Multi-Objective Optimization-Based Waveform Design for Multi-User and Multi-Target MIMO-ISAC Systems
Peng Wang, Dongsheng Han, Yashuai Cao, Wanli Ni, Dusit Niyato
TL;DR
This paper addresses waveform design for downlink multi-user and multi-target MIMO-ISAC systems by formulating a MOOP that balances communication sum-rate and radar sensing accuracy under CI-based precoding to mitigate MUI. A weighted Tchebycheff transformation creates a Pareto front from two subproblems: CI-precoded communication maximizing $R_{ ext{sum}}$ and beampattern-based sensing minimizing the MSE $M_s(\eta,\mathbf{R})$, with solution via GP, SDR, and SCA techniques.

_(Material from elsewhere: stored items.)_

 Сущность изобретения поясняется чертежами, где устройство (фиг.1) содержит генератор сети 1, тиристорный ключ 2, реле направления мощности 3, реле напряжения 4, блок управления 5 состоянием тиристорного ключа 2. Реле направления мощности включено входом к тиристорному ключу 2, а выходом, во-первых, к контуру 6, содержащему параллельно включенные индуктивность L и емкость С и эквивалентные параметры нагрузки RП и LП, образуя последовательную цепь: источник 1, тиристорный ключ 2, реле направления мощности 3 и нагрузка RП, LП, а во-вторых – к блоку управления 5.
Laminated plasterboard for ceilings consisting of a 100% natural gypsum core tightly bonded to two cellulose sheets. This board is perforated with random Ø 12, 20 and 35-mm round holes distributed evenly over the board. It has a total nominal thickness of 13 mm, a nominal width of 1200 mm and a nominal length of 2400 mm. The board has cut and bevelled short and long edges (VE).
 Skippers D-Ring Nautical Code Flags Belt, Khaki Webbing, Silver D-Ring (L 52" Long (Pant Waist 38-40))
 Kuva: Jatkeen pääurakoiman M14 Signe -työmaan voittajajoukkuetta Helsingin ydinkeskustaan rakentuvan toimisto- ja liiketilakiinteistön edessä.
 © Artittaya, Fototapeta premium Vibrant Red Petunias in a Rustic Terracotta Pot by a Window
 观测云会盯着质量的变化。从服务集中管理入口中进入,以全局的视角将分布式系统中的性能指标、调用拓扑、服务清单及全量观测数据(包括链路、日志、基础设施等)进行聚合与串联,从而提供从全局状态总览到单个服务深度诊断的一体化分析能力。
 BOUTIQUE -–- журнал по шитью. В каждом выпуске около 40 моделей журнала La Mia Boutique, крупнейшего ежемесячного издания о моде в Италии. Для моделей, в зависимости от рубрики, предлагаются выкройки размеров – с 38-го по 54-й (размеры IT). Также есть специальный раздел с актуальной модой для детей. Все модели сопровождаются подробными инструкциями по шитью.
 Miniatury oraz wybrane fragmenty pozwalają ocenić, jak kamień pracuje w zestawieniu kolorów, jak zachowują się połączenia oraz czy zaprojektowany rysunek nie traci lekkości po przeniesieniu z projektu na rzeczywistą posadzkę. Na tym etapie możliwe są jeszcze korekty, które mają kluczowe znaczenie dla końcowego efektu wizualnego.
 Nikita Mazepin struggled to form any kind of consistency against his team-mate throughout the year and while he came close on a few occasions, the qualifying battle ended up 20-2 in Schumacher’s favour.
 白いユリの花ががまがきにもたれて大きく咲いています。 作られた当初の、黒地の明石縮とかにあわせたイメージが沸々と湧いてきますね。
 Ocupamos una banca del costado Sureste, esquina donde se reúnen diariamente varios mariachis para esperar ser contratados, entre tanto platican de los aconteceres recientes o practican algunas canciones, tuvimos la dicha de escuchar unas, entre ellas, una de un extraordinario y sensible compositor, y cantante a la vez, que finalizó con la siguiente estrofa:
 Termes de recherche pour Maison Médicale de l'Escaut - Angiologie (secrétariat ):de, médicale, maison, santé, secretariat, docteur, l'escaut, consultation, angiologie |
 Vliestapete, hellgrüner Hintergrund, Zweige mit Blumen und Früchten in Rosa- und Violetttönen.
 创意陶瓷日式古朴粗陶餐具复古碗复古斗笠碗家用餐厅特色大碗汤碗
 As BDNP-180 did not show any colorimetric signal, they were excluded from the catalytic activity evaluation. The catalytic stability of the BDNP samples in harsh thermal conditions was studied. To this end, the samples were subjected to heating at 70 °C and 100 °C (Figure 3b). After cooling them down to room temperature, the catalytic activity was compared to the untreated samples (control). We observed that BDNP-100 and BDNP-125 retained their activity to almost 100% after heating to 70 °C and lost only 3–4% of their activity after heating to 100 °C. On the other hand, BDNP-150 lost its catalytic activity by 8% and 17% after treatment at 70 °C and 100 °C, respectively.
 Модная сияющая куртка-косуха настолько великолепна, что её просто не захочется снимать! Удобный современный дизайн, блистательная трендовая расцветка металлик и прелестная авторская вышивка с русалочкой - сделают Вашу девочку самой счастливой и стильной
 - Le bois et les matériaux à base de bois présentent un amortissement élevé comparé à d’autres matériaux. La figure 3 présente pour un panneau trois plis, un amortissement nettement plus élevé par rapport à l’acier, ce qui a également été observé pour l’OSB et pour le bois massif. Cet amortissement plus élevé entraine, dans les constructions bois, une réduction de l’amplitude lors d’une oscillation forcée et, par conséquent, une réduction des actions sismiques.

The proposed framework yields a Pareto front that enables flexible waveform design under different C&S preferences, with simulations highlighting the impact of transmit power and antenna count on the trade-off and beam patterns. Overall, the approach offers a practical, theory-grounded method to tailor ISAC waveforms for complex multi-user/multi-target environments, facilitating 6G ISAC deployments.
Abstract
Integrated sensing and communication (ISAC) opens up new service possibilities for sixth-generation (6G) systems, where both communication and sensing (C&S) functionalities co-exist by sharing the same hardware platform and radio resource. In this paper, we investigate the waveform design problem in a downlink multi-user and multi-target ISAC system under different C&S performance preferences. The multi-user interference (MUI) may critically degrade the communication performance. To eliminate the MUI, we employ the constructive interference mechanism into the ISAC system, which saves the power budget for communication. However, due to the conflict between C&S metrics, it is intractable for the ISAC system to achieve the optimal performance of C&S objective simultaneously. Therefore, it is important to strike a trade-off between C&S objectives. By virtue of the multi-objective optimization theory, we propose a weighted Tchebycheff-based transformation method to re-frame the C&S trade-off problem as a Pareto-optimal problem, thus effectively tackling the constraints in ISAC systems. Finally, simulation results reveal the trade-off relation between C&S performances, which provides insights for the flexible waveform design under different C&S performance preferences in MIMO-ISAC systems.